> _Task goal_: Each line in the material below, starting at the one that contains "(圖為考察組一行參觀新開(kāi)鋪水質(zhì)凈化廠)" and ending at the one that contains "Matt Korbon, a", should be repeated exactly; the pictures should not.

> _Given information_:
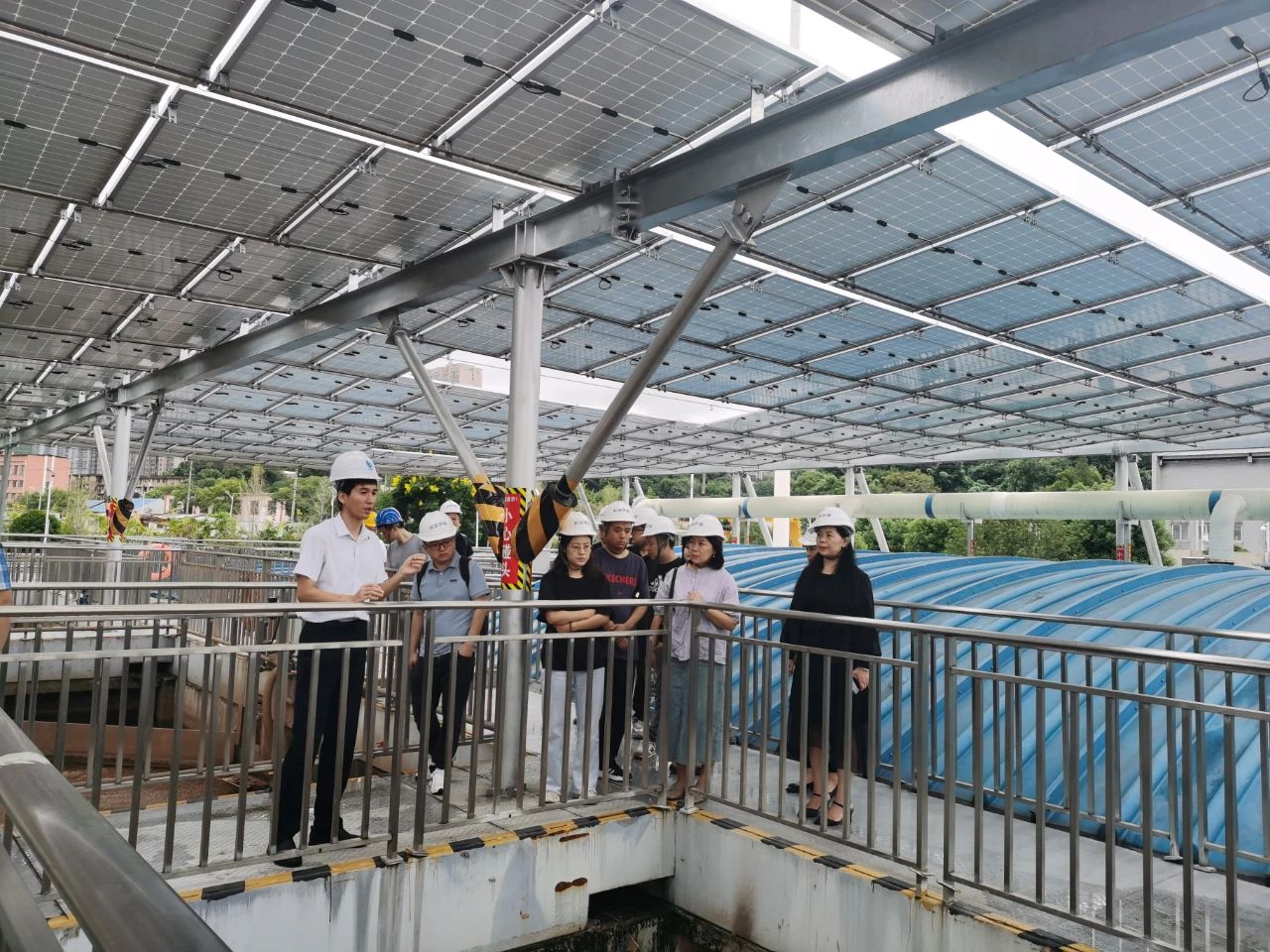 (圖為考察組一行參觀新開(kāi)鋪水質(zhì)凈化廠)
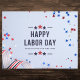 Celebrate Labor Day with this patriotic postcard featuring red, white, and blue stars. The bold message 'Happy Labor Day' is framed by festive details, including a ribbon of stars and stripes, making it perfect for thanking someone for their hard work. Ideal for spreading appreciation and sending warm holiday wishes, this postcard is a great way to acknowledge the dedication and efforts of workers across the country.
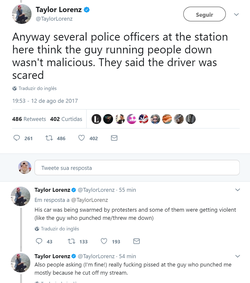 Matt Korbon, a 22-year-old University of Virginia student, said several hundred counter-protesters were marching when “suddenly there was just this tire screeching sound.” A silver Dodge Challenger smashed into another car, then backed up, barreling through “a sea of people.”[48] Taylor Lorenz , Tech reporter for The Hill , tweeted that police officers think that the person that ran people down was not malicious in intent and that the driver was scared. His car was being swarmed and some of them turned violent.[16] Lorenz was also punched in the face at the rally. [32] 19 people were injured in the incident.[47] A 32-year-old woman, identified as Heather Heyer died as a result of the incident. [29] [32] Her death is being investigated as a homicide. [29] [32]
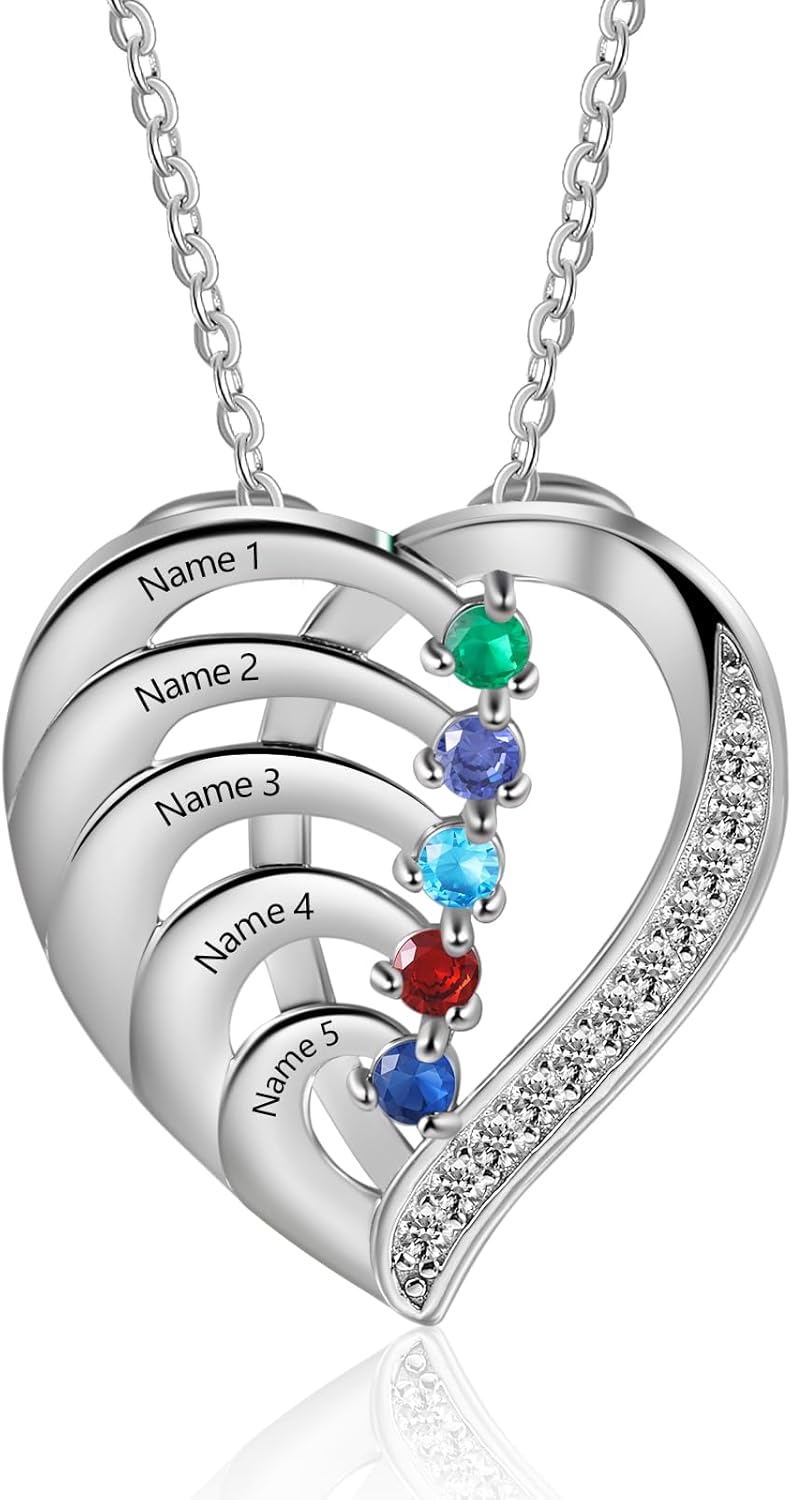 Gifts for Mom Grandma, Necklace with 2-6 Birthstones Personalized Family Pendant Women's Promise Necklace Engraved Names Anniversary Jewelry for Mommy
--
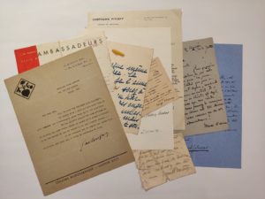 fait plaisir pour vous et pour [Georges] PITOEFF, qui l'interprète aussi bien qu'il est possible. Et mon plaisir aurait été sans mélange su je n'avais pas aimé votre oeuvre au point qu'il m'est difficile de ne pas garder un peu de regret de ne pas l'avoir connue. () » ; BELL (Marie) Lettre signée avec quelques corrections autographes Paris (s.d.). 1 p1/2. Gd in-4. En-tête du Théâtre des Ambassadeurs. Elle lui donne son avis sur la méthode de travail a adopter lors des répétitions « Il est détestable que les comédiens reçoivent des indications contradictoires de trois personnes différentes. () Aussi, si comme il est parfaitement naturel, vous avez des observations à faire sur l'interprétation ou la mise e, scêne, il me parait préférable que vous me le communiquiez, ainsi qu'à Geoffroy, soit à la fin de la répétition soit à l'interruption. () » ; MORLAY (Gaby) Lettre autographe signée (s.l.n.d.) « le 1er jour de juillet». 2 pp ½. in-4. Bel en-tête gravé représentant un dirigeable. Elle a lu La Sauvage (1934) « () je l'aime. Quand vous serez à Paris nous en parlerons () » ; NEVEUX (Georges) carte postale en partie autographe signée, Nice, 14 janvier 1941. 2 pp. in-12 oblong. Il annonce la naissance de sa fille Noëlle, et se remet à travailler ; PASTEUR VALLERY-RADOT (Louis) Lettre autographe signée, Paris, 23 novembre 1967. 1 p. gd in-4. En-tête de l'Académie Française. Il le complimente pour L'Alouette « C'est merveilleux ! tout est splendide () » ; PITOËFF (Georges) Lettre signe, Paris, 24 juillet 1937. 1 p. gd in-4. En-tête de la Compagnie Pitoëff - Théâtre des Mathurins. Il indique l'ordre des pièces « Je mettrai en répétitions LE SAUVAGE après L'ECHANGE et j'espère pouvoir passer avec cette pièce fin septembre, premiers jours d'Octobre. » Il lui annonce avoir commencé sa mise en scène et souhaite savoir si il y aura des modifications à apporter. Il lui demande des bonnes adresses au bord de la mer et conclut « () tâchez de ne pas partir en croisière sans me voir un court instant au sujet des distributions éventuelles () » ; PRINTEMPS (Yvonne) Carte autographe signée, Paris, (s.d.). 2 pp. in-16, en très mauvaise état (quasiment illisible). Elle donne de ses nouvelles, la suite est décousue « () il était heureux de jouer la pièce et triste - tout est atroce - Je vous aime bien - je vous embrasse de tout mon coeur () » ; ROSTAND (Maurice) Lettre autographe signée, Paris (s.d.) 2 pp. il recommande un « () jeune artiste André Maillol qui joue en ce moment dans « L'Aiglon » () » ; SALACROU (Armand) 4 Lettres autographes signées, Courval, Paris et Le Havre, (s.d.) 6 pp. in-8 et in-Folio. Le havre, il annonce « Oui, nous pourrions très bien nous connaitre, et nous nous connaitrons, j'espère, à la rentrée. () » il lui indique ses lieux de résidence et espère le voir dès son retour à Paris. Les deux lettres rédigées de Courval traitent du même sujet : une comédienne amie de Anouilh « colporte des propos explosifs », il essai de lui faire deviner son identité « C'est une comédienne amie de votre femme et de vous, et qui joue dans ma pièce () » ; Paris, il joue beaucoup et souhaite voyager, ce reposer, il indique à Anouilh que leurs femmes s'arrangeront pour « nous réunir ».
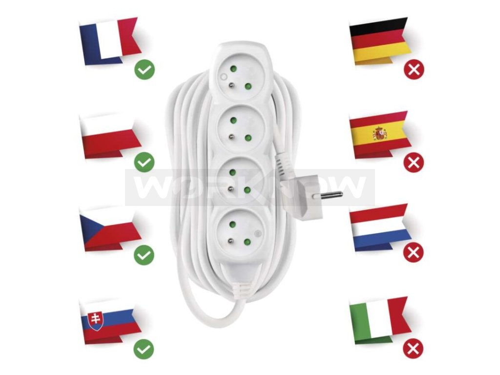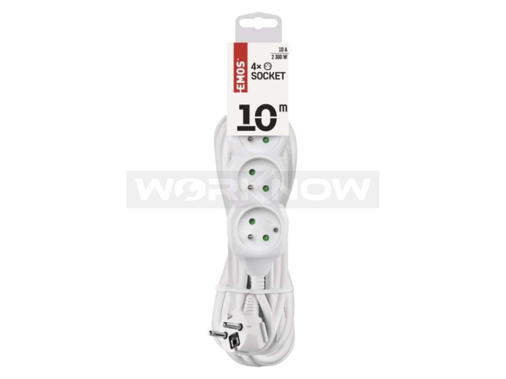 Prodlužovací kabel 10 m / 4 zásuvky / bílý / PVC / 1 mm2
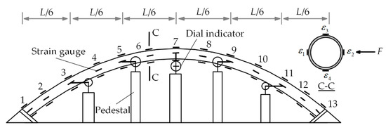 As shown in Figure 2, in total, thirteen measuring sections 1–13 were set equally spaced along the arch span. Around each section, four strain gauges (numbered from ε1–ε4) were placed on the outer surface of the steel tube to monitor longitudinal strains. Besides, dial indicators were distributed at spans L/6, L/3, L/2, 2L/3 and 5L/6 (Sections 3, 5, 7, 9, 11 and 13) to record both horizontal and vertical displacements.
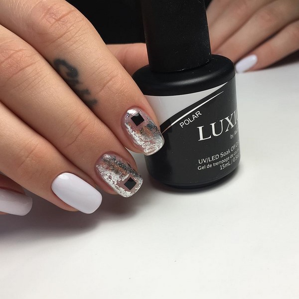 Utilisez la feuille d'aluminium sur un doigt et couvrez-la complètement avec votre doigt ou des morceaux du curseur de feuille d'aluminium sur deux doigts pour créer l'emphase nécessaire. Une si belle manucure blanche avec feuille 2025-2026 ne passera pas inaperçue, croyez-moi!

> _Expected answer_:
 (圖為考察組一行參觀新開(kāi)鋪水質(zhì)凈化廠)
 Celebrate Labor Day with this patriotic postcard featuring red, white, and blue stars. The bold message 'Happy Labor Day' is framed by festive details, including a ribbon of stars and stripes, making it perfect for thanking someone for their hard work. Ideal for spreading appreciation and sending warm holiday wishes, this postcard is a great way to acknowledge the dedication and efforts of workers across the country.
 Matt Korbon, a 22-year-old University of Virginia student, said several hundred counter-protesters were marching when “suddenly there was just this tire screeching sound.” A silver Dodge Challenger smashed into another car, then backed up, barreling through “a sea of people.”[48] Taylor Lorenz , Tech reporter for The Hill , tweeted that police officers think that the person that ran people down was not malicious in intent and that the driver was scared. His car was being swarmed and some of them turned violent.[16] Lorenz was also punched in the face at the rally. [32] 19 people were injured in the incident.[47] A 32-year-old woman, identified as Heather Heyer died as a result of the incident. [29] [32] Her death is being investigated as a homicide. [29] [32]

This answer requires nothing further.